While the collaborative open-data projects are aligned with national research priorities that seek to improve Australia’s health and well-being, the datasets are contributing to increasing knowledge on issues of global significance. For example, the Antibiotic Resistant Sepsis Pathogens project brings together multidisciplinary teams to identify common pathogenic pathways in order to ultimately develop new approaches to disease management. The appropriate management of such research data is therefore of critical importance to ensure the data remains a valuable asset.

In order to appropriately manage researcher and public access to raw and analysed data and associated contextual metadata from numerous collaborative open-data projects and to bring research communities together, a sustainable and scalable digital platform solution was needed. The Bioplatforms Australia Data Portal (‘Data Portal’) was thereby created through a collaboration between Bioplatforms Australia and the Centre for Comparative Genomics at Murdoch University. The Data Portal provides online access to datasets and associated metadata, empowers research communities to curate and manage the data, and is built upon open source, best-of-breed technology using international standards.

development of the bioplatforms australia data portal

The Data Portal is a data archive repository that houses raw sequence data, analysed data, and associated contextual metadata for each of the nine collaborative open-data projects. In the development of this Data Portal, we identified several key criteria to be addressed to ensure the deployment of a sustainable and scalable digital platform that can be applicable for a broad community of users: i) open-source software adopting leading technology; and ii) purposeful application of data and adoption of the FAIR data principles [6].
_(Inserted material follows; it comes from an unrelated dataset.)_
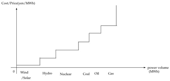 In a power market, “merit order effect” is used as a term to describe the mechanism by which the market price is determined. The electric power supply is determined based on the “merit order”; among these, the sources with the cheapest marginal costs (mostly renewable energy sources such as wind power, solar energy, hydroelectric power, and nuclear power) will be sold more quickly. Renewable energy sources such as photovoltaic solar power, wind power, and hydroelectric power are located at the left end in the merit order curve because they have little marginal costs. Based on this, nuclear power, coal, oil, and natural gas follow in order (see

Open-source software adopting CKAN

The Data Portal was originally developed by bespoke software development and deployed on traditional, on-premises data storage systems. However, software development of a bespoke system is generally time consuming, expensive, and is not sustainable long-term. In order to leverage off other national  investments and ensure long-term sustainability, the Data Portal adopted the Comprehensive Knowledge Archive Network (CKAN) as the core technology to replace bespoke software code [7]. CKAN is the world’s leading open-source data portal platform, and is used by numerous federal governments and public institutions to share data with the general public, including the Australian federal government [8] and Western Australian government [9] data portals, and the United Kingdom’s Natural History Museum data portal [10]. As the on-premises data storage reached its end of life, the Data Portal was migrated to Amazon Web Services with the support of Bioplatforms Australia. The code for the Data Portal and associated tools, such as extensions to the CKAN project, is open-source [11].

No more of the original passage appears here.